The methodology employs a multi-agent orchestration where language models simulate distinct clinical roles to iteratively gather and validate patient information.
Empirical results demonstrate significant gains over traditional methods, with LM-driven approaches achieving up to 80% accuracy and substantially lower costs compared to clinician baselines.

Sequential Diagnosis with LLMs: An Expert Overview

The paper "Sequential Diagnosis with LLMs" (2506.22405) presents a comprehensive framework for evaluating and improving the diagnostic reasoning capabilities of LLMs (LMs) in clinical settings. The authors introduce the Sequential Diagnosis Benchmark (SDBench), a novel evaluation suite that transforms 304 New England Journal of Medicine (NEJM) clinicopathological conference (CPC) cases into interactive, stepwise diagnostic encounters. They further propose the MAI Diagnostic Orchestrator (MAI-DxO), a model-agnostic orchestration system that simulates a virtual panel of physicians to optimize both diagnostic accuracy and cost-effectiveness.

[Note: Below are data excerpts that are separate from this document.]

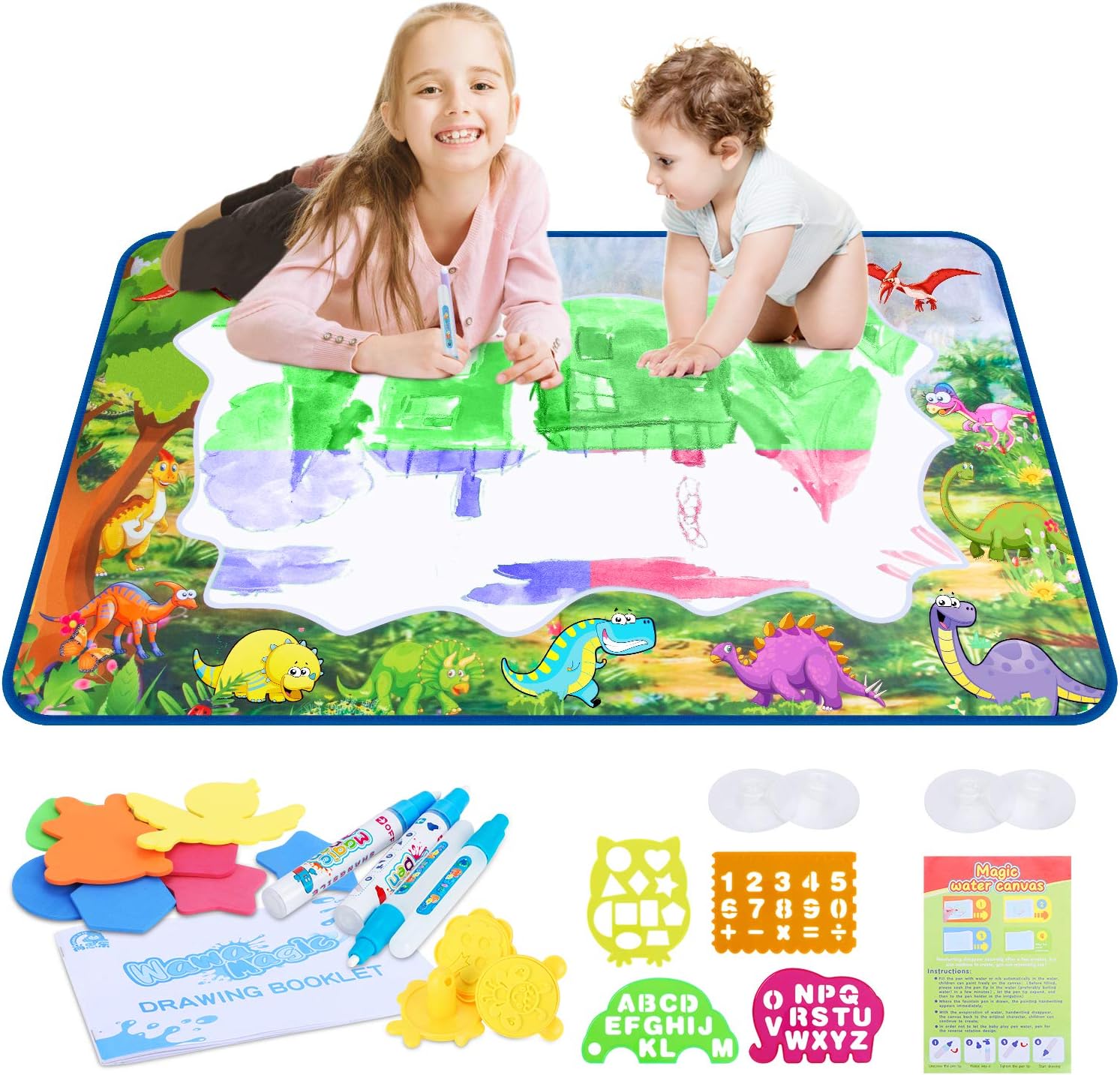 【Doodle Librement】Il suffit de remplir les stylos avec de l'eau propre et de dessiner sur le tapis de dessin à l'eau. Pas d'encre, pas de peinture. Pas besoin de nettoyage supplémentaire. Le dos du Water Drawing Mat est en nylon résistant à l'eau. Maman ne craint pas de mouiller le sol.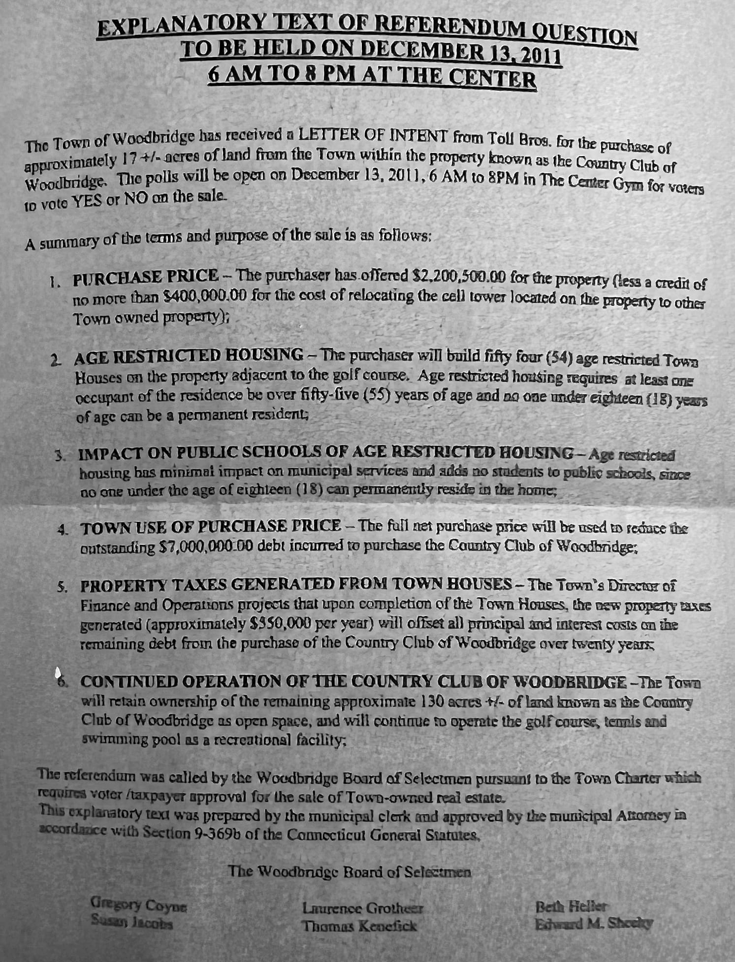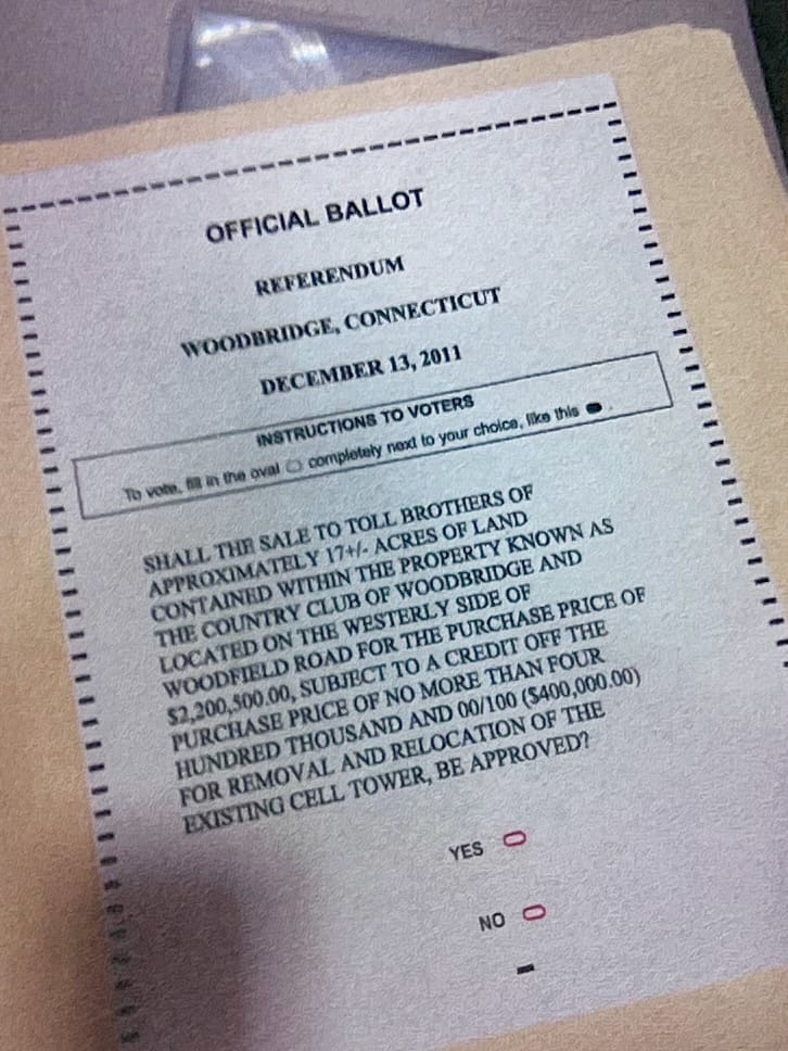The Town of Woodbridge has received a LETTER OF INTENT from Toll Bros. for the purchase of approximately 17 +/- acres of land from the Town within the property known as the Country Club of Woodbridge. The polls will be open on December 13, 2011, 6 AM to 8PM in The Center Gym for voters to vote YES or NO on the sale.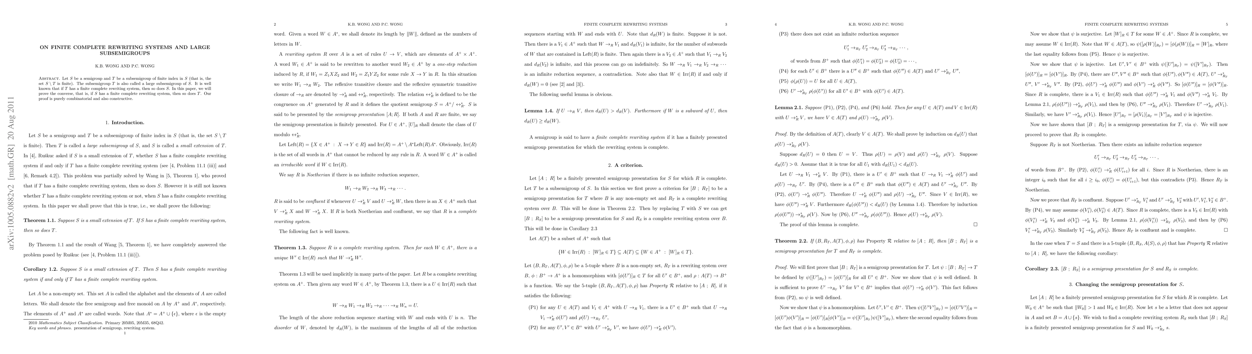 Let $S$ be a semigroup and $T$ be a subsemigroup of finite index in $S$ (that is, the set $S\setminus T$ is finite). The subsemigroup $T$ is also called a large subsemigroup of $S$. It is well known that if $T$ has a finite complete rewriting system then so does $S$. In this paper, we will prove the converse, that is, if $S$ has a finite complete rewriting system then so does $T$. Our proof is purely combinatorial and also constructive.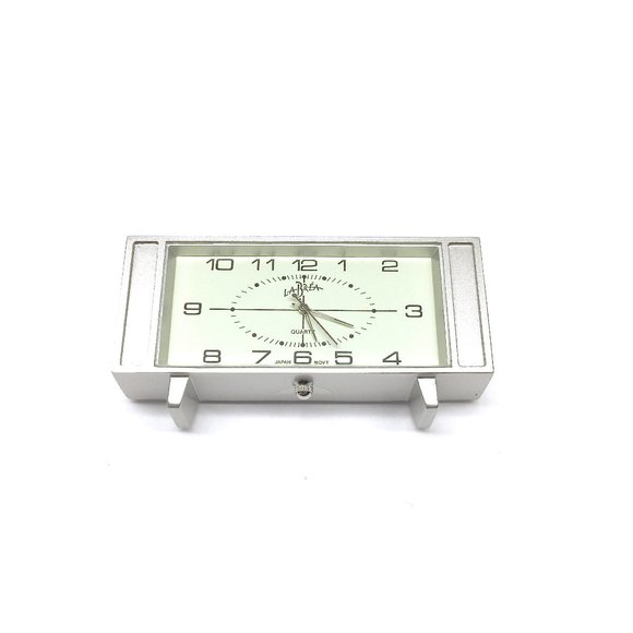 Miniature Silver Mini Retro TV style clock, QUARTZ Japan Movement, La Brea, New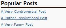 This component displays "popular" posts, either by number of comments (default) or by page views. This option is set on the rendering parameters of the sublayout. Pulling by page view requires either OMS (pre-6.5) or DMS. You can also implement your own custom algorithm by populating the Algorithm property of the sublayout (see code for details). The rendering parameters of this component also allow you to specify an alternate [Dictionary] key that should be used for the component title.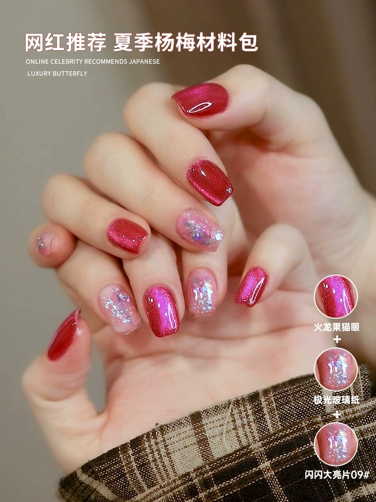 طلاء أظافر بلون فاكهة التنين، لون أحمر ثلجي كريستالي، عين القطة

Benchmark Design and Methodology

SDBench is constructed to emulate the iterative, information-seeking process characteristic of real-world clinical diagnosis. Each case begins with a brief patient vignette, after which the diagnostic agent (human or AI) must iteratively request additional information—either by asking questions or ordering diagnostic tests—before committing to a final diagnosis. The information flow is mediated by a Gatekeeper agent, implemented as a LLM with access to the full case file, which only reveals findings when explicitly queried. This design enforces a realistic constraint on information access and prevents leakage of diagnostic clues.

A key innovation is the Gatekeeper's ability to synthesize plausible, case-consistent findings for queries not covered in the original CPC narrative, thereby maintaining clinical realism and avoiding implicit signaling from missing data. The evaluation protocol incorporates both diagnostic accuracy (using a clinically validated, rubric-based Judge agent) and cumulative diagnostic cost, the latter estimated via CPT code mapping and U.S. health system pricing data.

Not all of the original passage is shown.